*** Block opens ***
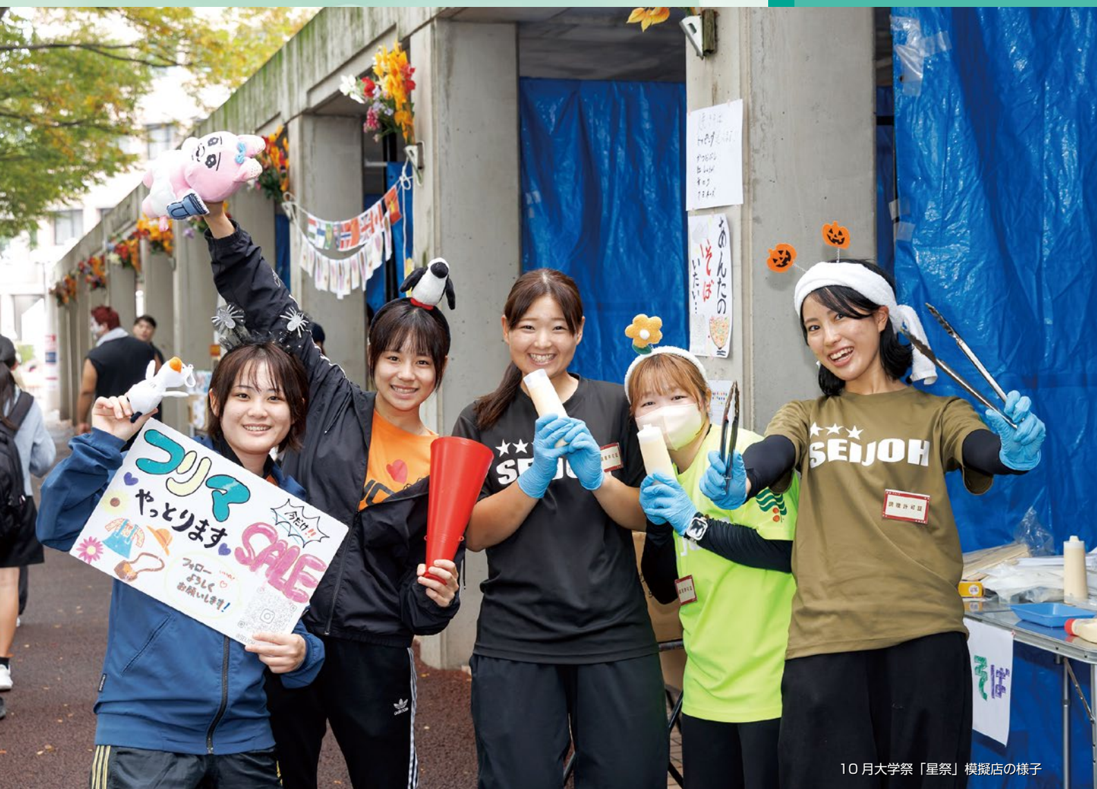
10月大学祭「星祭」模擬店の様子
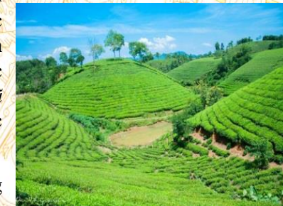
Đồi chè trung du
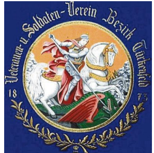
Das Wappen der Gründungsfahne.
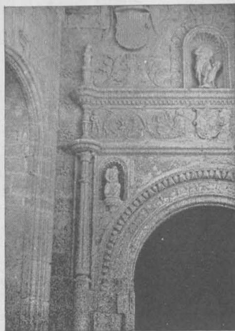
Lámina II.—1, 2 y 3. - SANTOYO (Palencia). Portada de la iglesia y detalles. Obra probable de Diego de Siloe.
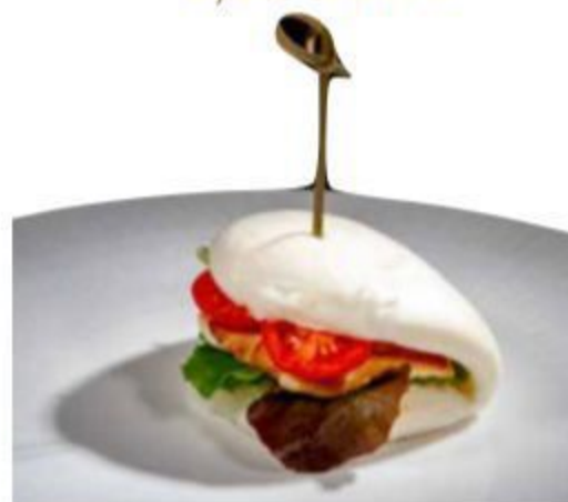
(CENA) 151 BAO CHICKEN (pane conchiglia a vapore con pollo grigliato insalata e salsa) 5,00 EURO SOLO UNA VOLTA
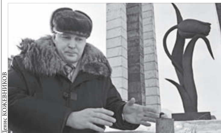
"Черный тюльпан" – самый многогранный памятник Норильска
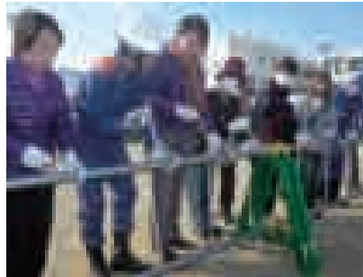
▲徳島市市民総合防災訓練(東富田地区)=昨年11月
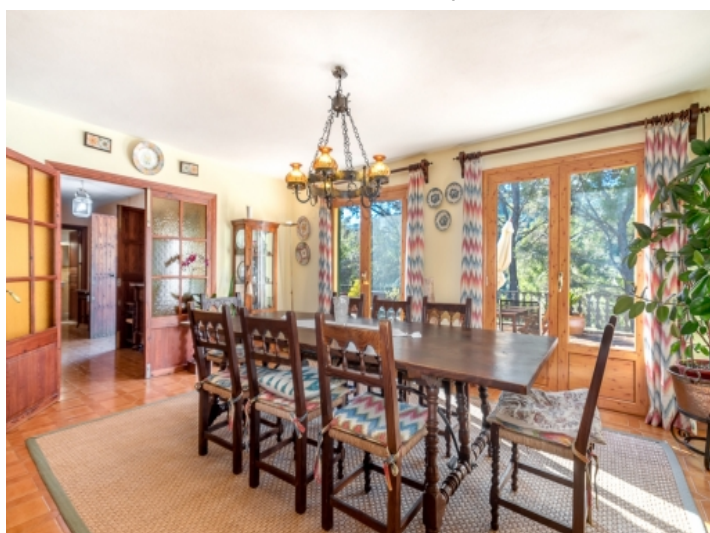
Rustikaler Essbereich mit Terrassenzugang
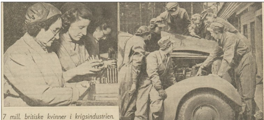
7 mill. britiske kvinner i krigsindustrien.

Et element som dukker opp i avisene i løpet av sommeren etter krigens slutt er bilder av soldater og beredskap fra utenfor Norge. Her får man plutselig se kvinner i en annen setting, f.eks. kvinner i arbeid med å bygge et hangarskip i USA og kvinner i arbeidsuniform i krigsindustrien i Storbritannia. Hvorfor virker det som at kvinner i slike posisjoner var mere akseptert der? Det var jo ikke slik at Norge var mye lengere etter disse landene når det kom til kvinnerollen før krigen. En årsak kan være at begge eksemplene er fra land som var frie under hele krigen, og dermed at en større andel av den mannlige befolkningen dro ut av landet for å kjempe. Som følge av det måtte kvinner ta ansvar for de normalt mer mannsdominerte yrkene enn det som kanskje var tilfelle i Norge. Her i landet kunne man delta i motstandskampen
*** Block closes ***
Write every record out again exactly, omitting the pictures they hold.

10月大学祭「星祭」模擬店の様子
Đồi chè trung du
Das Wappen der Gründungsfahne.
Lámina II.—1, 2 y 3. - SANTOYO (Palencia). Portada de la iglesia y detalles. Obra probable de Diego de Siloe.
(CENA) 151 BAO CHICKEN (pane conchiglia a vapore con pollo grigliato insalata e salsa) 5,00 EURO SOLO UNA VOLTA
"Черный тюльпан" – самый многогранный памятник Норильска
▲徳島市市民総合防災訓練(東富田地区)=昨年11月
Rustikaler Essbereich mit Terrassenzugang
7 mill. britiske kvinner i krigsindustrien.

Et element som dukker opp i avisene i løpet av sommeren etter krigens slutt er bilder av soldater og beredskap fra utenfor Norge. Her får man plutselig se kvinner i en annen setting, f.eks. kvinner i arbeid med å bygge et hangarskip i USA og kvinner i arbeidsuniform i krigsindustrien i Storbritannia. Hvorfor virker det som at kvinner i slike posisjoner var mere akseptert der? Det var jo ikke slik at Norge var mye lengere etter disse landene når det kom til kvinnerollen før krigen. En årsak kan være at begge eksemplene er fra land som var frie under hele krigen, og dermed at en større andel av den mannlige befolkningen dro ut av landet for å kjempe. Som følge av det måtte kvinner ta ansvar for de normalt mer mannsdominerte yrkene enn det som kanskje var tilfelle i Norge. Her i landet kunne man delta i motstandskampen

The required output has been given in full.